Ideally, after a streaming job has completed checkpoint N, and the running task is force-stopped externally, the next restore / restart / resubmission should be able to:
- discover the latest successful checkpoint for that job
- resume from checkpoint
Ninstead of behaving like a fresh submission - make the restore path explicit for sources / transforms / sinks
- define fallback behavior when the latest checkpoint is missing, incompatible, or already cleaned up
If this is already supported today, then the current documentation and operator-facing workflow are not clear enough and should be documented explicitly.
Actual behavior
From the operator side, the practical behavior looks like a capability gap:
- checkpoints are being completed during runtime
- but after a forced stop, the next run does not have a clear official resume-from-latest-checkpoint path
- the burden is pushed to the external scheduler / operator to guess how recovery should work
Relevant evidence
A few implementation details suggest that most of the building blocks already exist, but the end-to-end operator-facing resume contract is incomplete or unclear:
- Zeta runtime already has checkpointing / savepoint-related job states
- source translation modules already contain snapshot / restore logic, such as
CoordinatedSourceandParallelSource - the missing part seems to be the engine-level / job-lifecycle-level recovery path for "force stop -> restart from latest successful checkpoint"
SeaTunnel Version
Observed from a SeaTunnel-based Zeta deployment in the 2.6.x line.

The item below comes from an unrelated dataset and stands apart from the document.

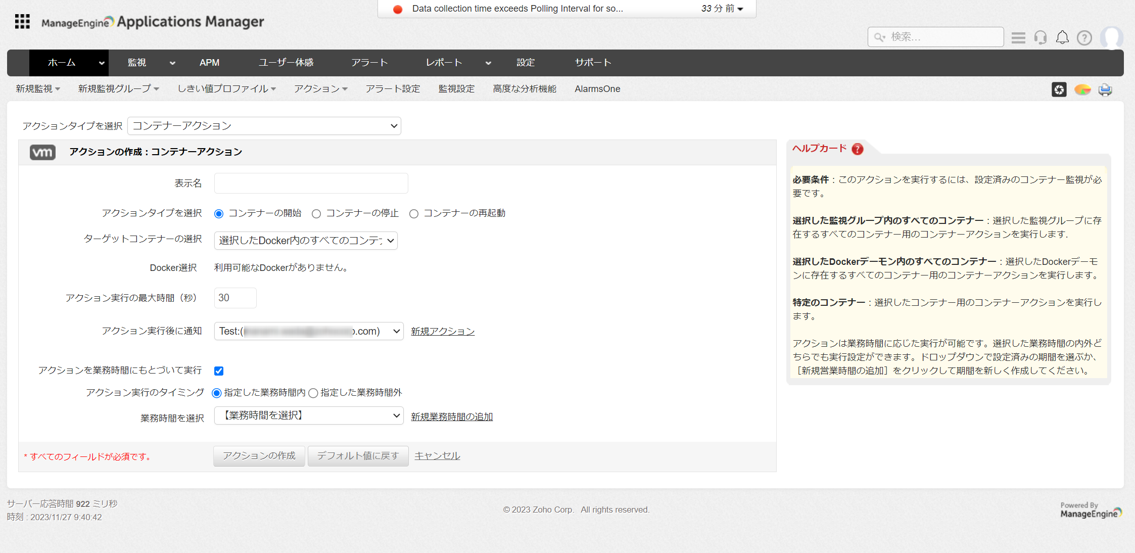 本アクションでは、コンテナー監視においてアラート発生時にDockerコンテナーを起動、停止、再起動するために使用します。
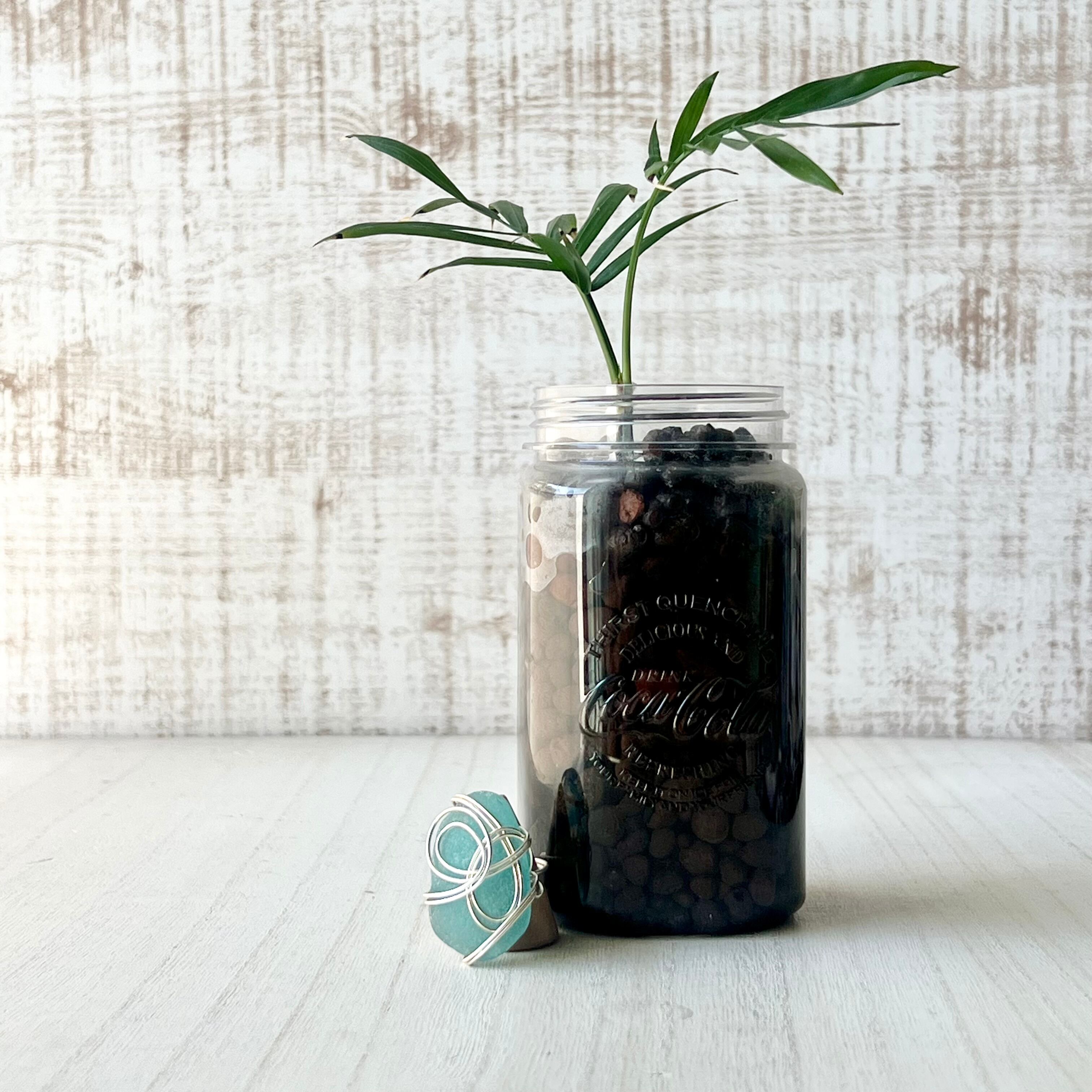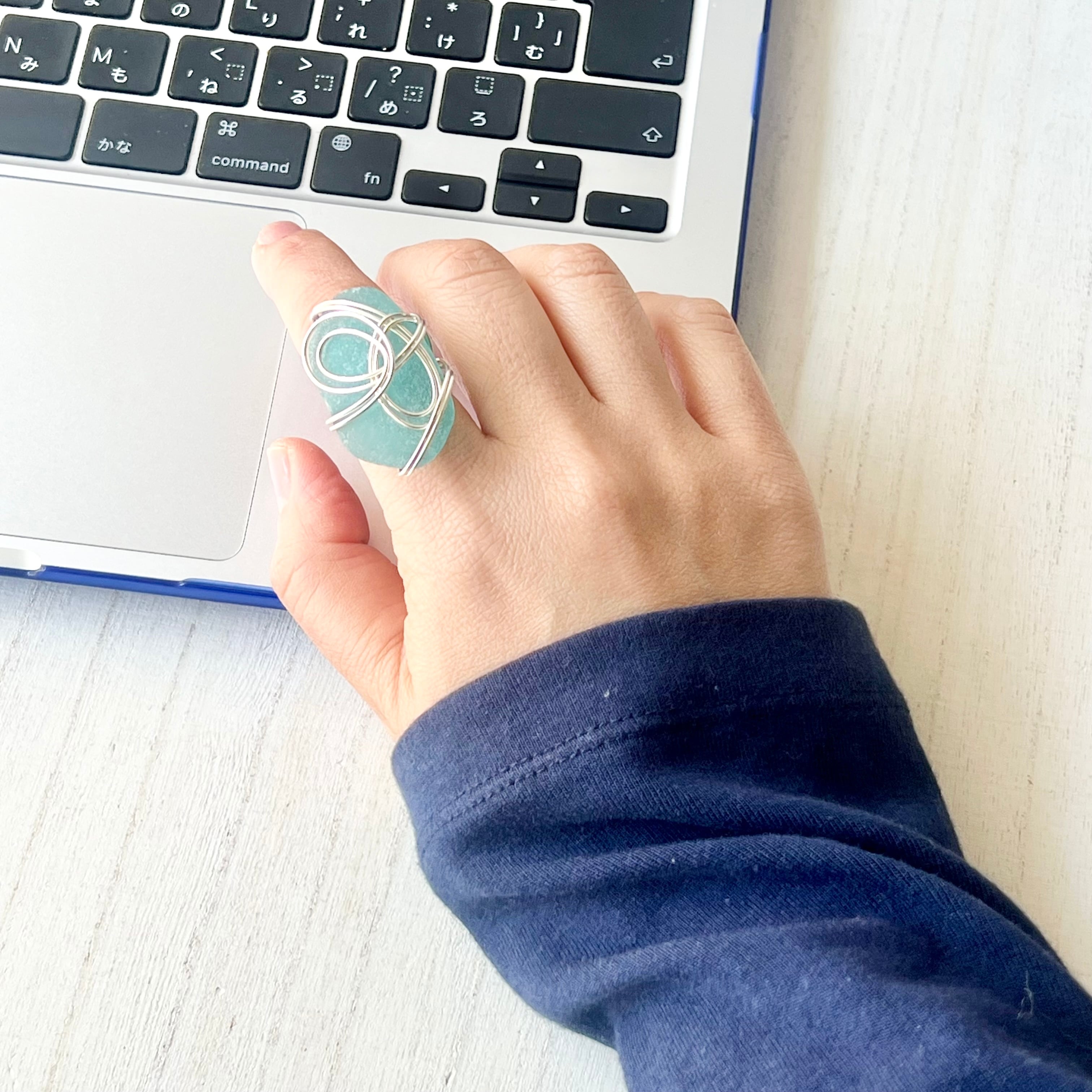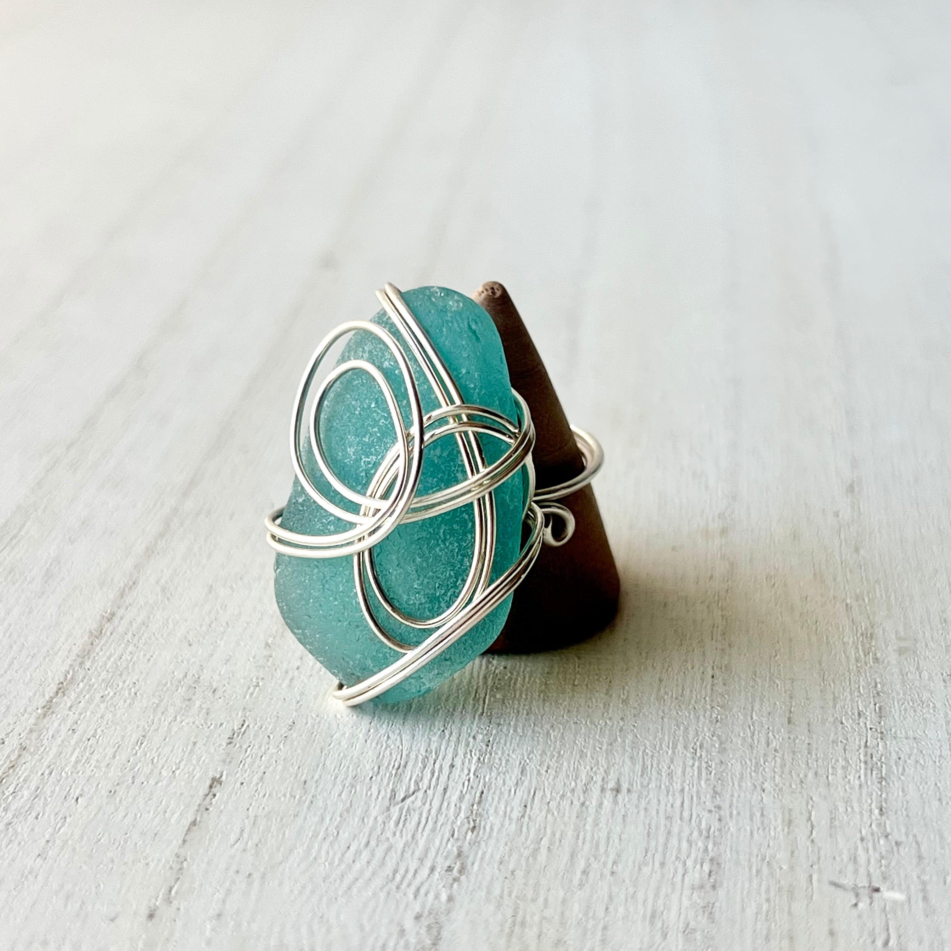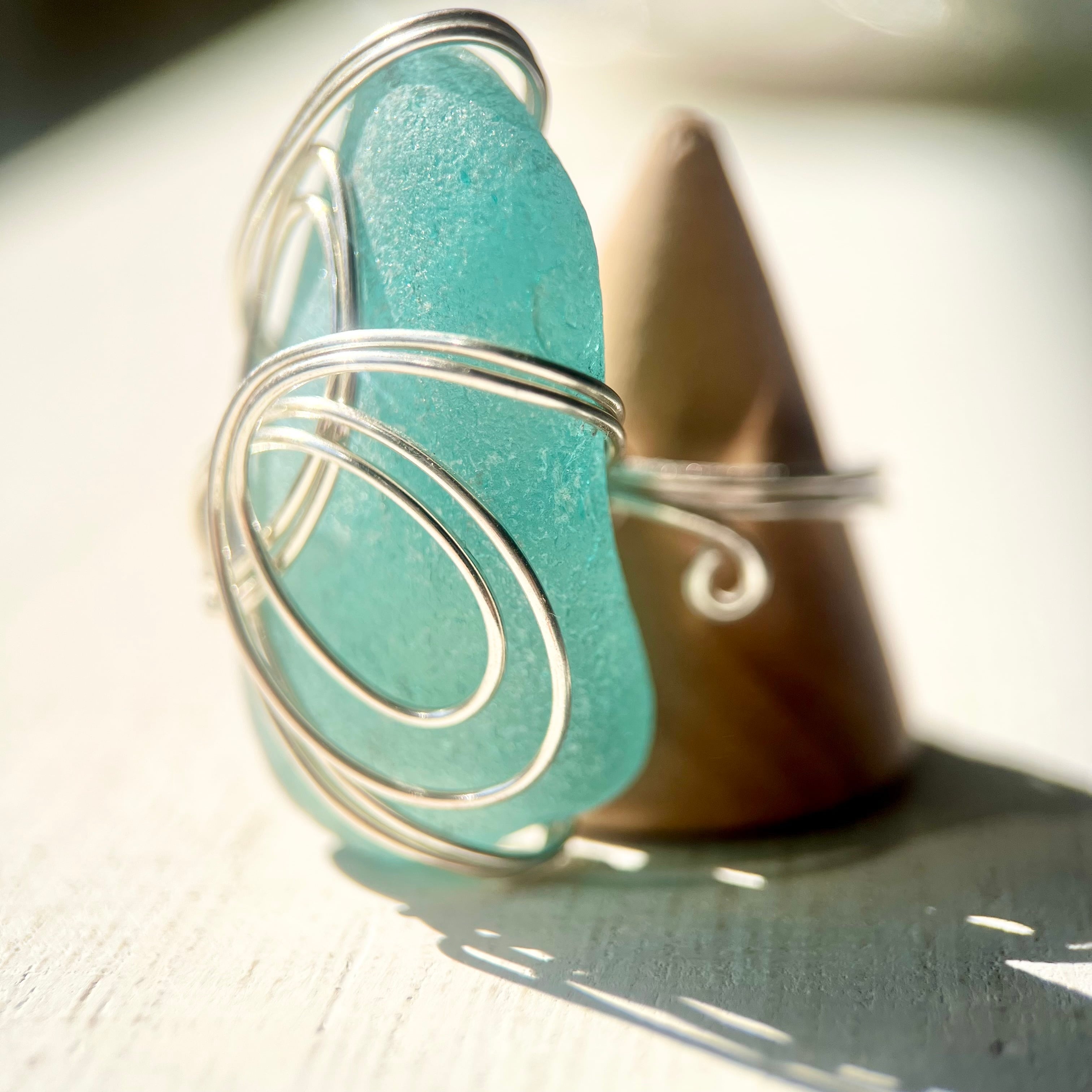 海色の大きなシーグラスにシルバーカラーのワイヤーで包み込んだ存在感抜群の指輪。

I am filing this as a Zeta capability request / gap report. If maintainers believe this is already supported upstream, please point to the recommended recovery workflow.
SeaTunnel Config
A representative streaming setup looks like this:
env {
job.mode = "STREAMING"
parallelism = 1
checkpoint.interval = 10000
}
source {
SqlServer-CDC {
startup.mode = "INITIAL"
database-names = ["demo_db"]
table-names = ["demo_table"]
base-url = "jdbc:sqlserver://<host>:1433;databaseName=<db>"
username = "<user>"
password = "<password>"
}
}
sink {
Iceberg {
namespace = demo
table = "${table_name}"
catalog_name = default
}
}
The exact connector combination should not be the core point here. The request is about the Zeta job-lifecycle recovery contract after a forced stop.
Running Command
./bin/seatunnel-cluster.sh -d
Error Exception
There may be no single canonical engine exception for this scenario.
The core problem is the lack of a clear supported restore path from the latest successful checkpoint after a forced stop.
Zeta or Flink or Spark Version
Zeta
Java or Scala Version
Java
Screenshots
No response
Are you willing to submit PR?
- Yes I am willing to submit PR!
Code of Conduct
- I agree to follow this project's Code of Conduct
Contribution Claim
If this direction makes sense, contributors are welcome to leave a comment to claim or discuss the implementation direction.